Plus mystérieuse, envoûtante et sexy que jamais, l’artiste a pris de la maturité sur tous les aspects depuis son premier passage au TNM en 2008, et ce, peu importe si elle s’appuie majoritairement sur les nouvelles compositions de The Absence, un disque où les influences des musiques du monde ont pris le dessus sur l’enrobage jazz plus classique.
Clarinette, planche et seau (pas de casseroles) colorent Goodbye, le chant presque chuchoté enrobe Impossible Love, tandis qu’un violoncelle manouche apporte sa touche particulière. Le piano et le rythme de petite bossa de Lisboa sont charmants, et après une mise en bouche à la clarinette, Melody jette tout le monde par terre avec une interprétation à couper le souffle de So We Meet Again, où tous les confluents de la terre semblent se donner rendez-vous. La dame possède un vibrato exceptionnel.
La chanteuse évoque son premier passage dans la grande salle quand elle fut photographiée par Herman Leonard en 2009, et plonge pour une rare fois dans le passé, guitare à la main, pour Baby I’m a Fool, qui nous cloue sur notre siège.
Quand elle a livré avec aplomb la bluesée Who Will Comfort Me, je me disais qu’il y avait quelques milliers de prétendants dans la salle…
Esperanza, Esperanza…
Là, aussi, obligation de rater une poignées de titres en finale pour arriver à temps pour le début du spectacle d’Esperanza Spalding au Métropolis. Esperanza dont le spectacle du disque Music Chamber Society fut le meilleur du FIJM 2011. Pas question de la rater cette année non plus, même si ça impliquait – déchirement, ici – de faire impasse sur Wayne Shorter qui jouait exactement à la même heure au théâtre Maisonneuve.
Quarante-cinq minutes après le début de la prestation, je me désolais d’avoir raté Shorter… Pendant tout ce temps, Esperanza a parlé du concept et du fil directeur de son disque Radio Music Society, cassant le rythme plus souvent qu’autrement.
Avec ses cuivres pétaradants mais pas mélodiques, ses rythmes mi-tempos qui freinaient l’éclatement sonore, Spalding a surtout tiré parti des solos décapants de sa saxophoniste qui aurait gagné à faire partie du groupe d’Ornette Coleman, tellement elle était toute proche du free.
Proposition originale et aventurière, certes, mais je défie quiconque n’ayant pas écouté le disque de la contrebassiste d’avoir reconnu à l’oreille I Can’t Help It, de Michael Jackson, incidemment le deuxième morceau de la soirée. Quand tu expurges à ce point toute notion mélodique de ta musique, il réside un doute quant au concept de « ramener de la musique intelligente » à la radio.
Ça s’est enfin replacé avec Black Gold, Cinnamon Tree (très jolie) et Endangered Species (vraiment bonne), de Shorter.

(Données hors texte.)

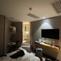 J'ai réservé une chambre avec une offre spéciale. Lorsque je l'ai réservé, je me suis souvenu que la page disait qu'il y avait une fenêtre (petite). Mais quand je suis arrivé, j'ai constaté qu'il n'y avait pas de fenêtre. Il est très proche de la station de métro Quzhuang, à environ cinq minutes à pied, et l'attitude du service est également très bonne. La chambre est juste moyenne, il y a une marche à l'entrée haha. Il n'y a pas de porte entre la salle de douche et le lit, seulement un rideau. L'insonorisation est correcte.

N’empêche, quand c’est une chanson de ton disque précédent livrée au rappel en mode voix-contrebasse qui soulève le plus d’enthousiasme, je me dis que tu as raté ta cible.
L’éternel Johhny
Retour au point de départ et réconciliation avec la vie durant le dernier droit de Johnny Clegg, au Club Soda. Johnny qui, quand il parle, parle de la vie. La sienne. Celle de l’Afrique du Sud. Du concret et du vécu qu’il fait bon entendre entre ses chansons récentes et ces classiques.
Quel retour en arrière d’entendre I Call Your Name dans un petit club, près d’un quart de siècle après avoir entendu ladite chanson sur la rue Sainte-Catherine avec 40, 000 personnes en 1988, alors qu’elle était vieille…de deux mois.
S’exprimant en anglais et en français, le Zoulou Blanc est moins explosif qu’il y a trois décennies, mais il émane encore le même plaisir quand on assiste à ses concerts. Bonne façon de conclure un marathon.